1 for qsn,val in question_dict.items():
2     print(f'question:{qsn}')
3     question = val[0]
4     output = cohere_agent(question, preamble, tools, verbose=True)

Output

question:q1
running 0th step.
I will use the provided code to find the ratio of the largest stockholders equity to the smallest revenue.
running 1th step.
= running tool run_python_code, with parameters: {'code': 'import pandas as pd\n\n# Read the CSV files into dataframes\nincome_statement = pd.read_csv(\'income_statement.csv\')\nbalance_sheet = pd.read_csv(\'balance_sheet.csv\')\n\n# Find the smallest revenue\nsmallest_revenue = income_statement[\'RevenueFromContractWithCustomerExcludingAssessedTax\'].min()\n\n# Find the largest stockholders equity\nlargest_stockholders_equity = balance_sheet[\'StockholdersEquity\'].max()\n\n# Calculate the ratio\nratio = largest_stockholders_equity / smallest_revenue\nprint(f"The ratio of the largest stockholders equity to the smallest revenue is {ratio:.2f}")'}
== tool results: [{'python_answer': 'The ratio of the largest stockholders equity to the smallest revenue is 2.49\n'}]
The ratio of the largest stockholders equity to the smallest revenue is 2.49.

Error Resilience

In the previous example over single table, the model successfully answered your questions. However, the model may not always have access to the preview of the data. You will see that when we remove the preview from the preamble, the model runs into an error and is not produce the answer. We will solve this problem with two different ways:

Asking the model to keep trying until it fixes the issue.
Giving the model another tool to view the data and telling it to preview the data before writing code.
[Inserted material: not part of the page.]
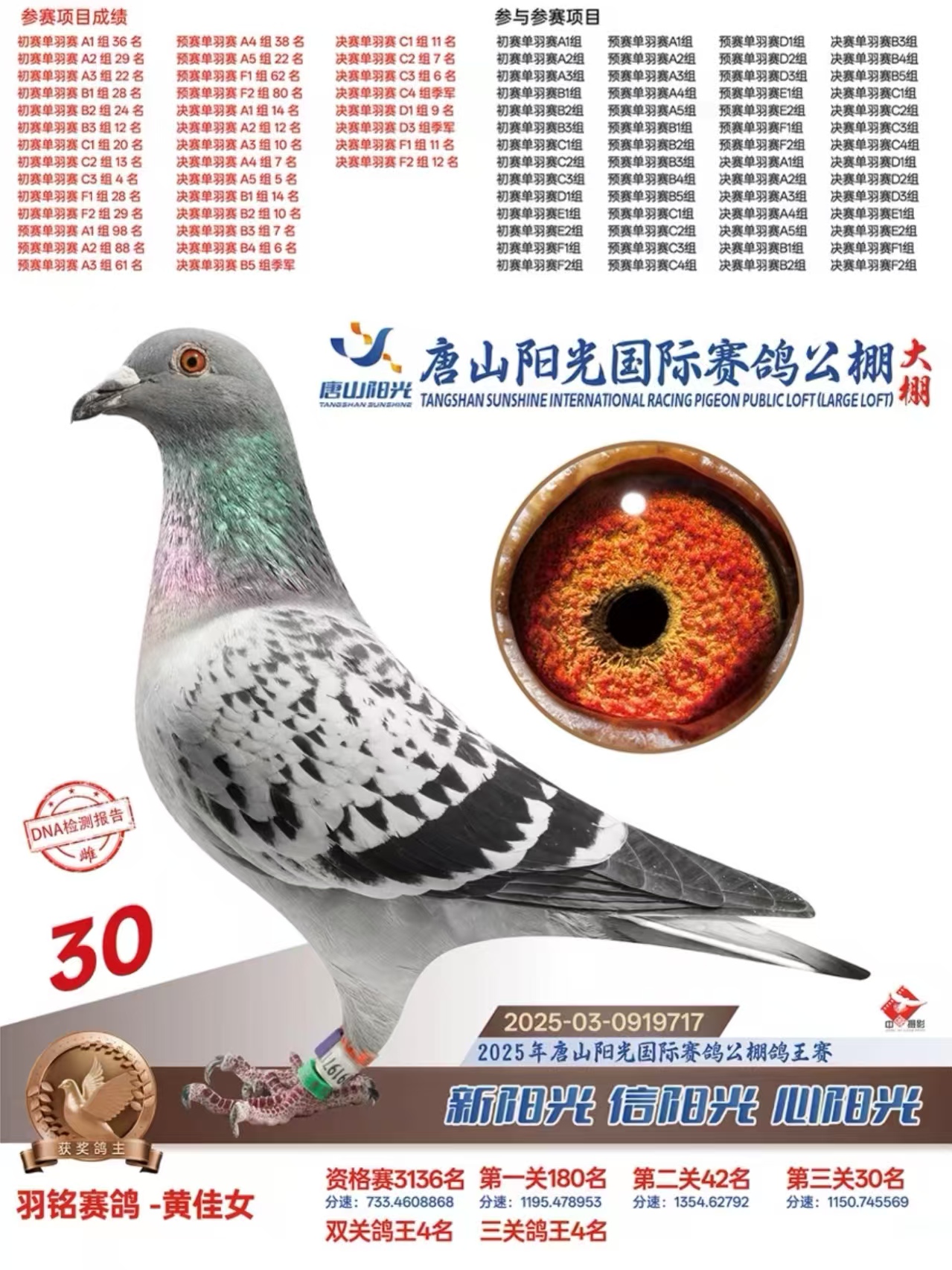恭喜鸽友黄佳女,使翔开尔盖比、杨欧瓦克后裔,斩获阳光大棚双关鸽王殿军、三关鸽王殿军、第二关42名、决赛30名。
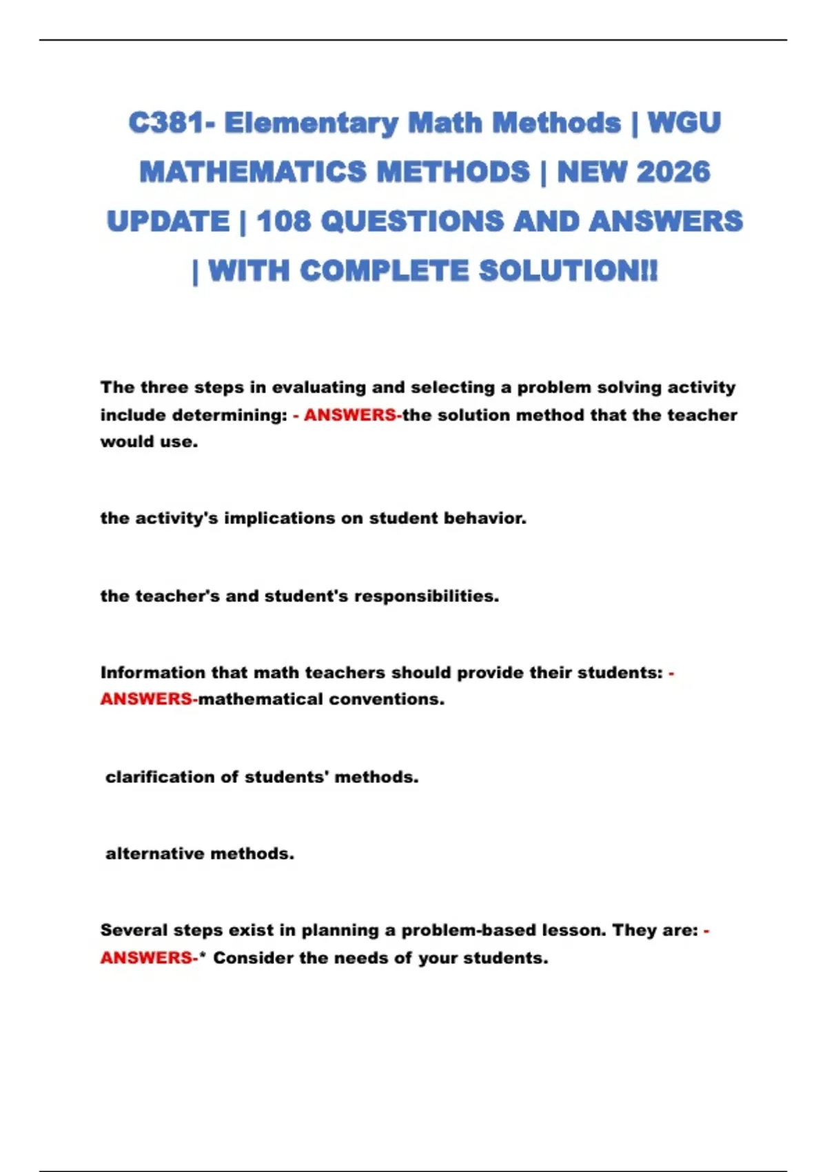 C381- Elementary Math Methods | WGU MATHEMATICS METHODS | NEW 2026 UPDATE | 108 QUESTIONS AND ANSWERS | WITH COMPLETE SOLUTION!!

You will see that the second method is able to come to the answer with fewer steps.

PYTHON

1 preamble = """
2 You are an expert who answers the user's question. You are working with a pandas dataframe in Python. The name of the dataframe is `income_statement.csv`.
3 """
4 
5 question1 = "what is the highest value of cost of goods and service?"
6 
7 output = cohere_agent(question1, preamble, tools, verbose=True)

Output

running 0th step.
I will use Python to find the highest value of 'Cost of Goods and Service' in the 'income_statement.csv' file.
running 1th step.
= running tool run_python_code, with parameters: {'code': 'import pandas as pd\n\ndf = pd.read_csv(\'income_statement.csv\')\n\n# Find the highest value of \'Cost of Goods and Service\'\nhighest_cost = df[\'Cost of Goods and Service\'].max()\n\nprint(f"The highest value of \'Cost of Goods and Service\' is: {highest_cost}")'}
== tool results: [{'python_answer': "KeyError('Cost of Goods and Service')"}]
Sorry, there is no column named 'Cost of Goods and Service' in the 'income_statement.csv' file.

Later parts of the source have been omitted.